Living with Strangers - Resilience Learning Partnership

This is an Opinion Article, written by Jade Anne Kilkenny (Community Justice Scotland Apprentice)

People in your life; parents, guardians, teachers and others give advice to make sure you are keeping yourself safe and that you understand the result of your actions. Sometimes people don’t realise the advice given can confuse children and how they experience life. Living in a chaotic lifestyle is normal for people who have never known anything else, it is comforting – because it’s what you know. How can you expect people to create a new life out of nothing they understand. What’s normal to you, might not be my normal – people should try and remember this when they think they know what’s ‘best’ for people.

As a child you are told not to talk to strangers, don’t go away with strangers and most importantly don’t go into a stranger’s house. I would have a stranger in my house every week, sometimes every day. It was not always the same person and most of the time they were dressed like they were going into a court room, but it was my family they were making judgements about. There is a time to be smart as people take you seriously, but not into people’s houses where this should be their place of comfort. Strangers in smart clothes don’t make me feel comfortable.

A stranger would explain to me why I had to leave my home and would take me in their car with my stuff in black bags, this made me feel like I was being kidnapped and there was nothing I could do about it. I’m still a child but I was made to feel like an adult, mature up, toughen up, no time for games anymore.

Moving house should be exciting – new adventures to explore. Never have I been so terrified in my life. I didn’t know where I was going or who’s house I would be living in. The Professionals around me are all trained to write reports on us, they have deadlines, they were always in such in a rush to move us into a place, but we don’t know if we will feel safe or if we will like the people there.

Do the children and young people get to decide who should be able to look after them and their siblings? What does a home and safety look like to children and young people? Who’s job is it to decide this and why don’t the children and young people get a say in this?

We are also taught as children lying is bad and if we lie, we are a horrible person. We as care experienced children are taught how to lie, we’re told that we can tell our new friends and new school that we are staying with family or we are there because it’s a holiday. We are told it will be better for us if we do this, often it ends badly with people disliking us and leaving us out because we are different and other kids recognise this.

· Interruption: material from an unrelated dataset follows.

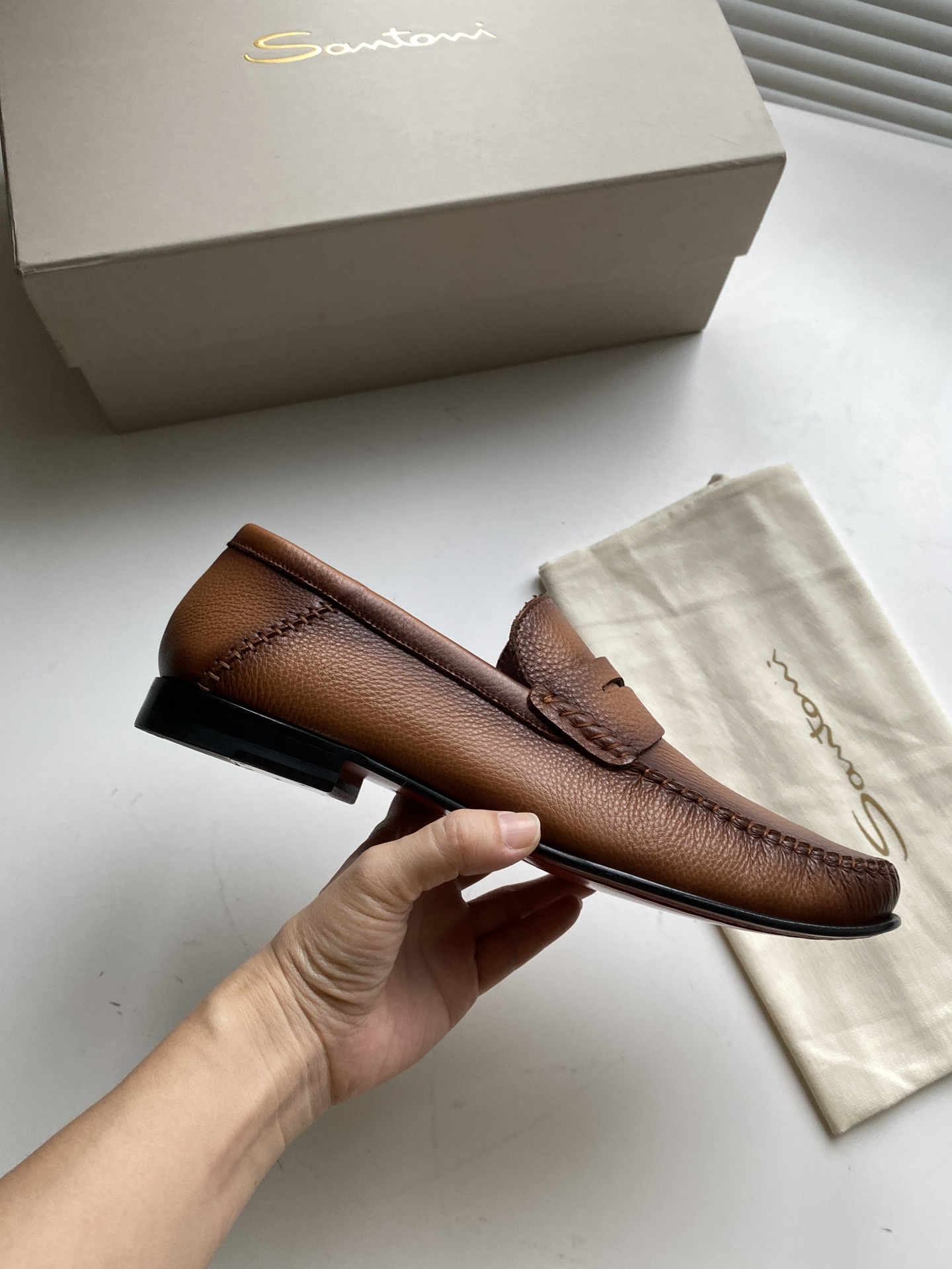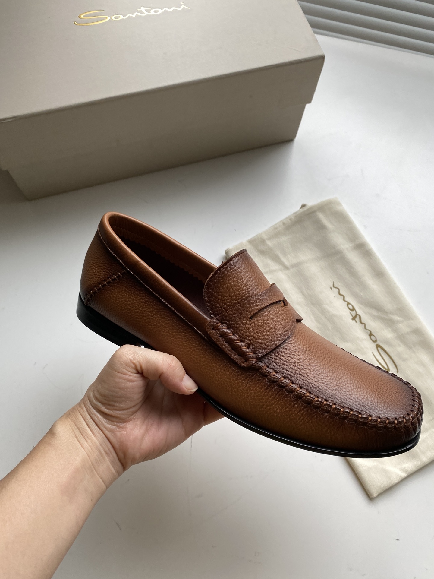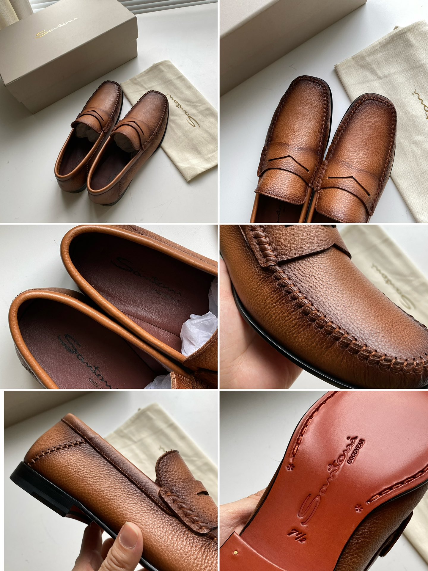 这款鞋子是AAAAA 1:1 质量 (非常棒). 使用了和原版一模一样的材料. 商标部分也保持了和Santoni一样. 图片拍摄是实物鞋子拍摄, 您所收到的实物保证和我们图片一模一样.

Looking after someone’s child can be difficult for both the adult and the child.

The circumstances the child is living in might not be meeting all their needs. The hurt of losing everything you have known is the most overwhelming experience and you don’t know what you want to feel and how you should feel.

Sometimes the reason for being removed is not always clear, meaning the child or young person feels a sense of shame or guilt. Love doesn’t disappear because someone mistreats us, taking us away does not explain any of it, it just causes more pain.

You expect to be accepted into a new family home for who you are. This does not always happen. Some families expect you to fit into their way of doing things because you are a guest in someone’s house and are seen as an intruder. The biological children who live there might have not agreed to this and might find it difficult, which is understandable – a child is coming into their house uninvited by them, forced to be siblings and forced to live together. This is hard for those children and it’s hard for us, getting new temporary siblings even though we can’t see the siblings we grew up with.

In these new houses there can be disagreements and dynamics within the household causing the relationship to be inconsistent with some miscommunication. Sometimes the child has to be moved for different reasons and is not always someone’s fault, the child put there and the carers children are not always allowed to stay in touch which is just absurd. It is like getting used to a toy you don’t like and then taking it away just when you start to get comfortable with it – very confusing.

Can you imagine having to do this over and over again? How would it make you feel? They say you don’t get to choose your family, but you shouldn’t be flung into a new family just because your own isn’t capable.

Living in care is like being in the Truman show, everyone acting like everything is perfect.

Imagine using the toilet, every human does it, it’s done in private, it’s your personal business. Being in care makes you feel like you’re in a portaloo at a festival and someone just opened the door and everyone can see you, it’s not just your business, everyone can look in at you whenever they want and you can’t choose to close the door.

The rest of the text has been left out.